RE: DEC multilingual code page, ISO 8859-1, etc.

From: Chris Pratley (chrispr@MICROSOFT.com)
Date: Fri Mar 24 2000 - 19:52:00 EST


Hmm. Do you have numbers on "vast majority"?

Office97 and Office2000 have always labelled windows-1252 as such in HTML,
so any of those 60million users generating HTML will have it correctly
marked - it is hard to believe those docs don’t form the majority of truly
win-1252 pages by now. I am aware of some early web authoring tools (some
made by Microsoft) that would generate NCRs not based on Unicode, but they
were written before it was clearly noted in the HTML spec that those NCRs
need to be Unicode values.

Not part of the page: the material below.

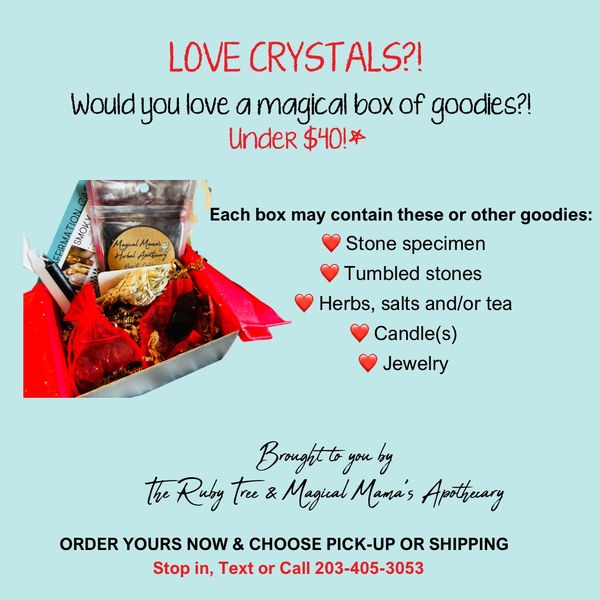 A mystery box will be available each month, while supplies last, with a bunch of metaphysical goodies that will Surely make you smile!

I think the original standard was a bit vague
about what those numbers mean, and especially by use of the term "document
charset". Although I think that was supposed to mean iso-8859-1 at the time
in standards parlance, the average person reading that would take it at face
value - the charset of the current document. It is a bit harsh to judge
those early developers based on a standard (use Unicode for NCRs) that was
only broadly communicated after their code was written.

Another major source of non-Unicode NCRs are handwritten pages, often
generated by commercial web sites designers or by databases they designed.
I'm not sure how to reach them, other than mailing the web master when you
see such a site and letting them know their error. And I don’t think getting
hardcore and disabling the current browser workaround of treating #128;
through #159; as windows-1252 is the right way either - it is just
frustrating and leads to a "buggy" experience for the end-user. Eventually
those pages will disappear as more people use tools to generate correctly
formed pages, but I'm not holding my breadth for the top Internet sites to
start doing that any time soon.

Chris Pratley
Group Program Manager
Microsoft Word

-----Original Message-----
From: Robert Brady [mailto:robert@susu.org.uk]
Sent: Friday, 24 March 2000 10:16 AM
To: Unicode List
Cc: Unicode List
Subject: RE: DEC multilingual code page, ISO 8859-1, etc.

On Fri, 24 Mar 2000, Chris Pratley wrote:

> when the characters in the 80-CF range are used.  I'm curious why the
makers

> of whatever browsers these are don't simply add support for non-ISO

> encodings like windows-1252 and be done with it (whether windows-1252 is

The problem is that the vast majority of windows-1252 texts, aren't

actually labelled as such. Often, they will claim to be ISO-8859-1,

US-ASCII and then actually be in Windows-1252.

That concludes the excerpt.